When You Fail at Experiencing and Expressing Love

Recently, I read an insightful book titled How We Love. The authors propose that our “love style” (the various ways in which we give and receive love in marriage) is dramatically affected by our answer to a core question. The question is simple: “Can you recall being comforted as a child after a time of emotional distress?” 1 Ponder that one. Carefully. Honestly.

Regardless of what you think of this approach, I think we can admit three things:

  1. Our experiences as children (good, bad or ugly) can leave a lasting imprint on our lives.
  2. These experiences can affect (for better or worse) how we give and receive love.
  3. The gospel that brings salvation and assures the transforming indwelling of the Holy Spirit can change us for God’s glory and the good of our relationships.

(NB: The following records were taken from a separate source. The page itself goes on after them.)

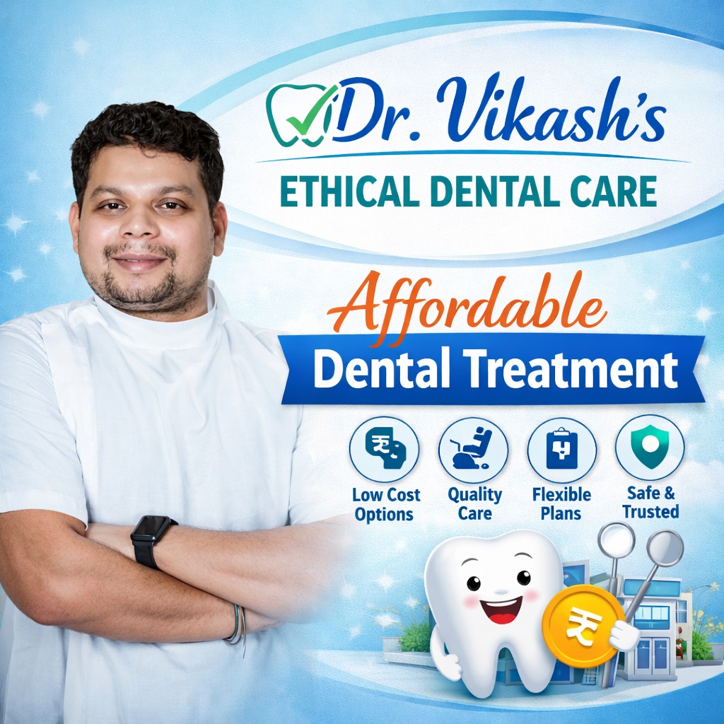At Dr. Vikash’s Ethical Dental Care – Affordable Dental Treatment Segment, we are committed to making quality dental care accessible for patients who may not be able to afford standard treatment charges. This segment is designed to provide safe, ethical, and professional dental services through qualified and experienced dentists associated with the clinic. Every treatment is carried out with care, transparency, and clinical responsibility by the treating dentist, while maintaining the clinic’s commitment to affordability, patient dignity, and proper guidance for every case.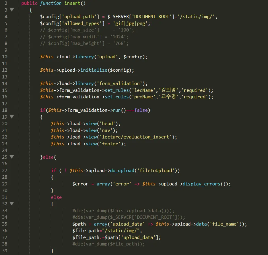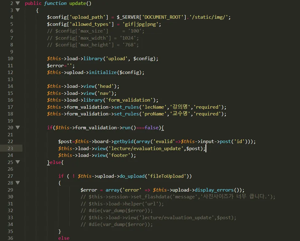 게시글을 등록하는 함수이다. $config에 파일업로드에 대한 설정 값을 등록하였다. 허용하는 확장자는 git, jpg, png 3개이고, 원래 사이즈에 대한 값도 세팅해놨는데 뭐가 에러떠서 그냥 없앴다.ㅋ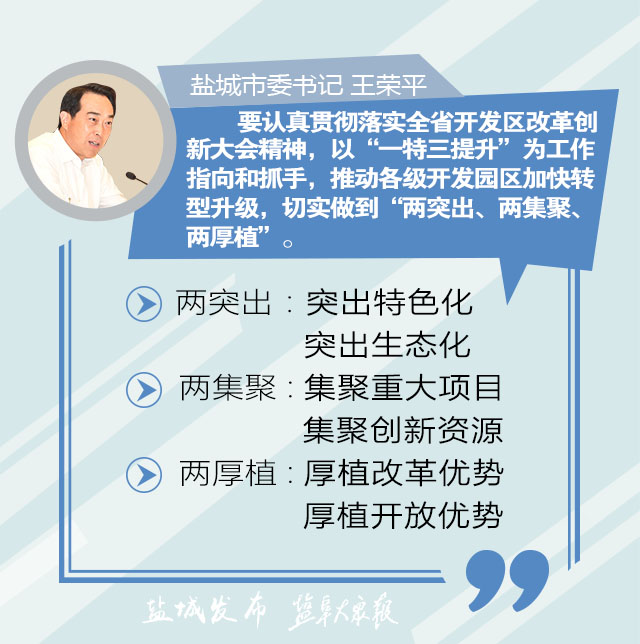 王荣平指出,“两厚植”,就是厚植改革优势、厚植开放优势。深化园区管理体制、建设运营体制和行政审批制度改革,建立精简高效的扁平化行政管理体制,大力推进“2330”试点试验,探索多元化的开发园区运营模式,努力打造审批环节最少、办事效率最高、服务质量最好、营商成本最低的区域。要更大力度“引进来”、更加有效“走出去”,加快专业化招商队伍建设,提高引进外资的层次和质量,支持企业参与境外资源项目合作开发,鼓励拓展对外经济技术合作方式,实施本土跨国企业培育工程。同时,不断放大合作园区效应,积极创建中国(江苏)自由贸易试验区盐城片区,加快中韩盐城产业园区建设,加大与上海、苏南等地合作共建力度,高起点高标准推进滨海新区、沪苏(大丰)产业联动集聚区等重大载体建设,深入融入全球产业链、创新链、价值链。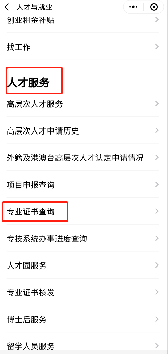 2、人才服務(wù)-專業(yè)證書(shū)查詢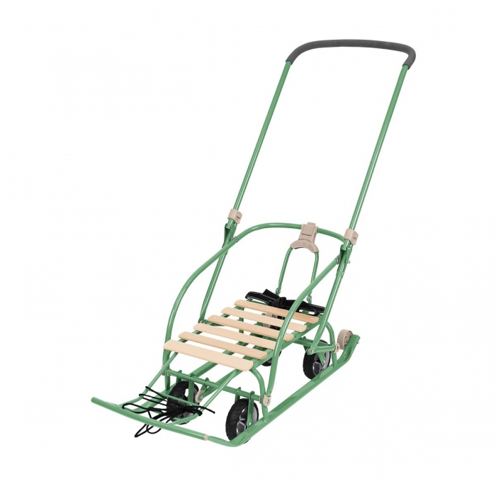 Санки детские NIKKI 3/ОЛ (ВЫДВИЖНЫЕ КОЛЕСА) (СКЛАДНАЯ СПИНКА, СКЛАДНАЯ РУЧКА) ОЛИВКОВЫЙ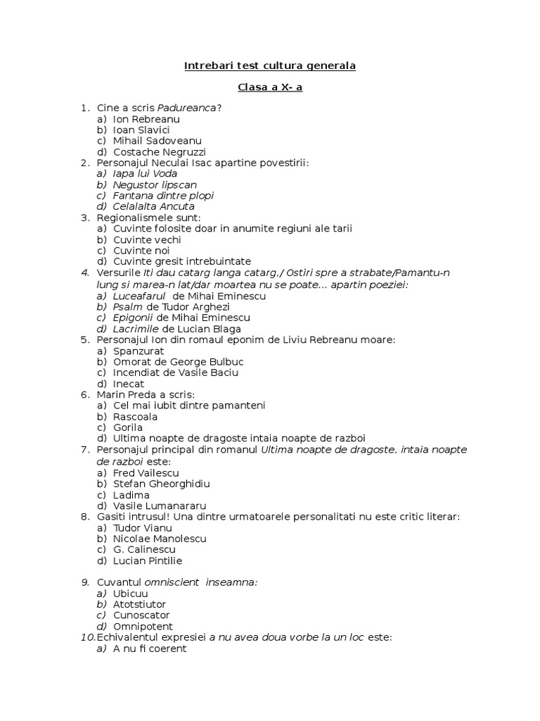 Intrebari Teste Cultura Generala Pdf Document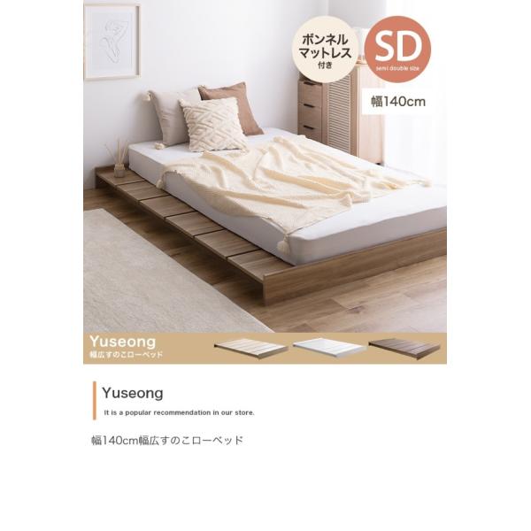 ■ベッド セミダブル ボンネルコイルマットレス付きセット ローベッド ロータイプ すのこ 宮なし 木製 フロア おしゃれ 一人暮らし Yuseong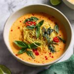 This Creamy Curry Coconut Noodle Soup is a vibrant and fragrant dish featuring tender rice noodles soaked in a rich coconut milk and red curry-spiced broth, enhanced with fresh herbs and a spicy kick from Fresno chilies. Perfect for a quick, comforting meal with bold Southeast Asian flavors.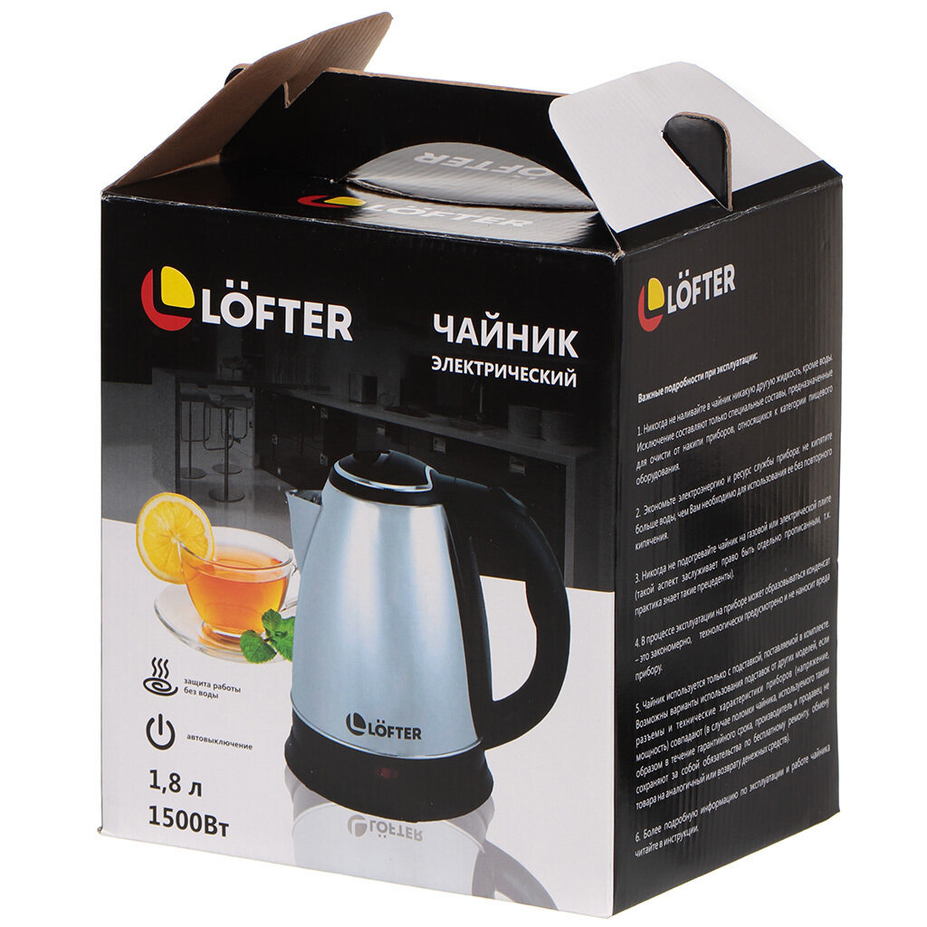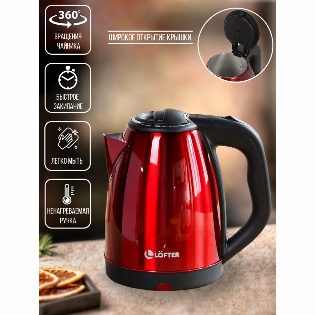 Купить Чайник электрический Lofter, H3, красный, 1.8 л, 1500 Вт, скрытый нагревательный элемент, металл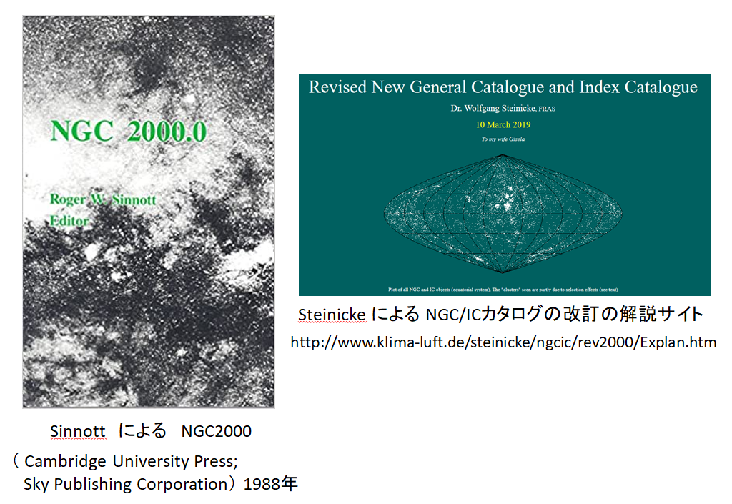 1988年にはシノット(Roger Sinnott)が、NGCカタログとICカタログに含まれる 13226 天体全てを2000年分点の座標で記述した NGC2000 カタログを出版した。これは現在ウェッブで公開されている。また、ドイツのシュタイニッケ(Wolfgang Steinicke)は、 1980年代初頭から現在まで、NGC/ICカタログ天体に関するデータの改良と充実を継続している。そのデータは、非営利目的には自由に利用できる。沼澤茂美、脇屋奈々代は2009年に、NGC/IC天体の写真集「NGC・IC天体写真総カタログ」を発行した。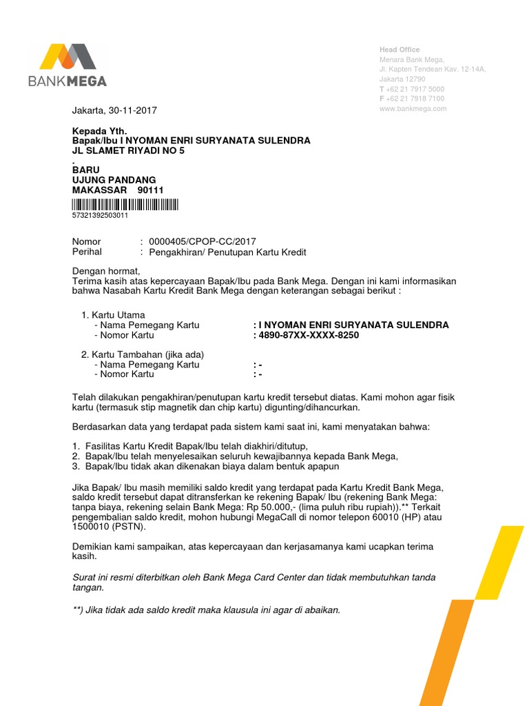 Catatan Apapun Ada: Cara Menutup Kartu Kredit Bank MEGA ... Pada 7 Maret 2017 14.30 saya Telepon ke Bank Mega di 1500010 menghubungi customer service bagian penutupan kartu kredit, dilakukan verifikasi utk membuka data kita, saya utarakan maksud dan tujuan saya menutup kartu kredit ditanya alasannya, dalam hal ini alasan saya m enutup kartu kredit karena memang ingin mengurangi pengguna an kartu kred it selai n alasan karena biaya tahunan yg selalu ...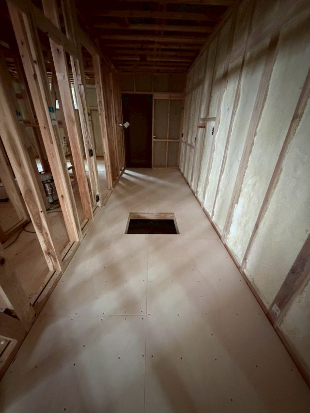 木工事が進み、断熱工事を行いました。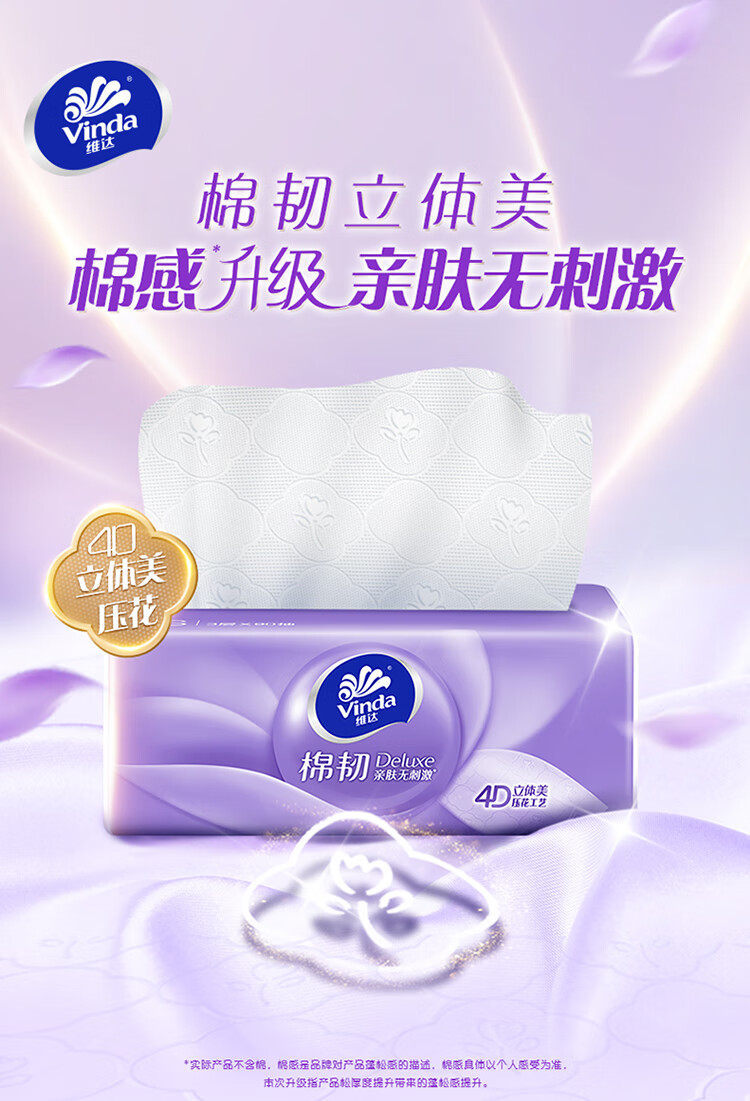 维达【厂家现发】抽纸棉韧立体美抽纸 3层 100抽*5包 3层*100抽*5包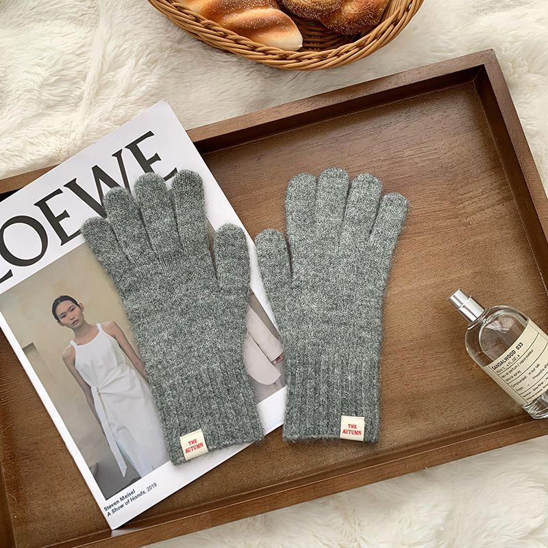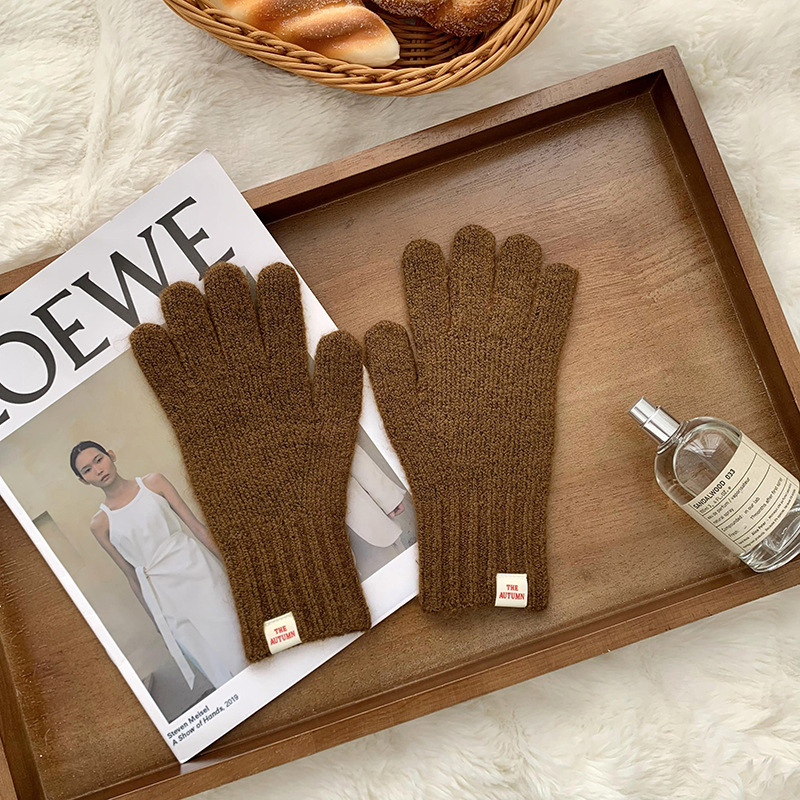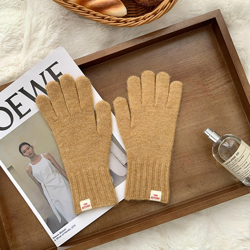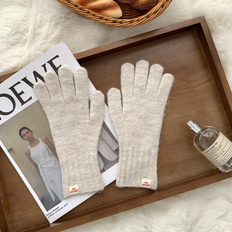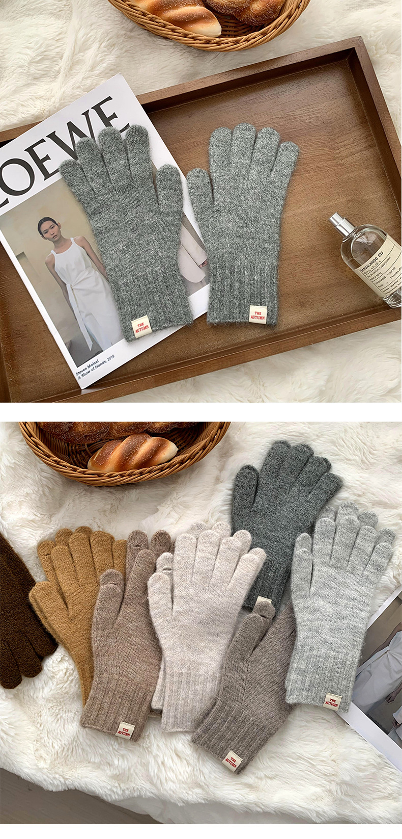 겨울 사이클링을위한 따뜻한 장갑 두꺼운 2025 새로운 기능 솔리드 컬러 터치 스크린 모직 니트 장갑 도매

When You Fail at Experiencing and Expressing Love

Love Dysfunction

My favorite devotional writer, William Henrichsen, insightfully describes a key problem with our experience of love. He asks, “How do you know when you are loved?” then proposes, “You conclude that you are loved either because you believe the veracity of the one saying it, or your expectations regarding what it means to be loved are met.” Henrichsen then states, “Scripture belabors the point that God loves you but He does not say that others ought to make you feel loved… The Bible commands that you love others, while insisting that His promises are enough to sustain you when you are in an environment in which you don’t believe you are loved by anyone other than Him.” 2

Wow! He concludes, “If a person says, ‘You don’t love me,’ either there is something terribly wrong with the relationship, or the person is trying to manipulate you… If you have to prove your love by meeting the expectations of another, you will never succeed. Such an endeavor is like trying to fill a bottomless pit.”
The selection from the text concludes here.